So, what I am going to do is to cut back my posting schedule on this blog. From now on the posting schedule for The Knitting Needle and the Damage Done will be only three days a week: on Mondays, Wednesdays, and Fridays. I decided this past July that I would keep posting daily until the end of this blog's first year in order to build a solid archive and then move to the new posting schedule, and far from second guessing my decision I've been looking forward to this anniversary as though I were getting out of jail. A daily posting schedule is more than a little gruelling when your posts can take up to four hours to write, and generally only bloggers who are making a living from their work can maintain that kind of pace. I am sorry to disappoint those of you who have told me you read my blog every day, but I feel sure that it's necessary that I cut back on my posts here.
What I can promise you is that my posting schedule will not be further decreased so long as I maintain this site, and that in those 156 posts a year I will still be doing all the knitting magazine reviews I've always done plus a good 60-70 posts on knitting-related topics, so the site will offer you the same kind of reading experience it always has, if somewhat less of it.

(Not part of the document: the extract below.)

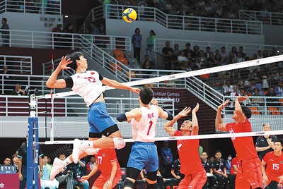 9月22日,在杭州亚运会男排前12名交叉赛中,中国队以3比1战胜印度尼西亚队。图为中国队球员彭世坤(左一)在比赛中扣球。新华社记者 朱 峥摄
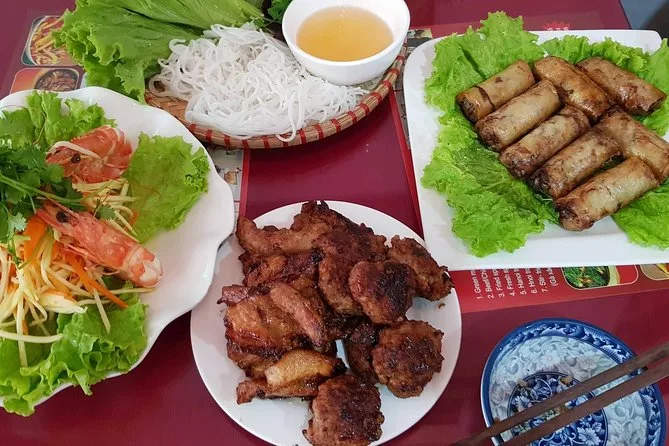 Back at the kitchen, we took a breather while staff rinsed our haul. The room smelled like lemongrass and garlic already. Linh explained each ingredient again—why you use fish sauce instead of soy here, how to slice pork just thin enough for the grill. I went with fried spring rolls, Bun Cha, and Banh Xeo (that crispy pancake). Everyone in the group chose their own three dishes, so there was a lot going on—someone was always flipping something or rolling rice paper.

And of course I must thank everyone for your interest and your feedback during this past year. When I first came up with the concept for this site, I decided that since I'd never liked the typical style of knitting blog that I was going to write the kind of knitting blog I would enjoy reading, and it's been so gratifying to find that there are other knitters who do indeed want that kind of knitting blog and that even some non-knitters whose eyes would normally glaze over at the phrase "knitting blog" have enjoyed reading it. I never forget that there are thousands of knitting blogs out there for you all to read, and that you've paid me the compliment of reading mine.
Thank you all for visiting this blog, I will continue to do my best to make it worth reading, and I want you to feel free to contact me with any comments or suggestions you might have for the site.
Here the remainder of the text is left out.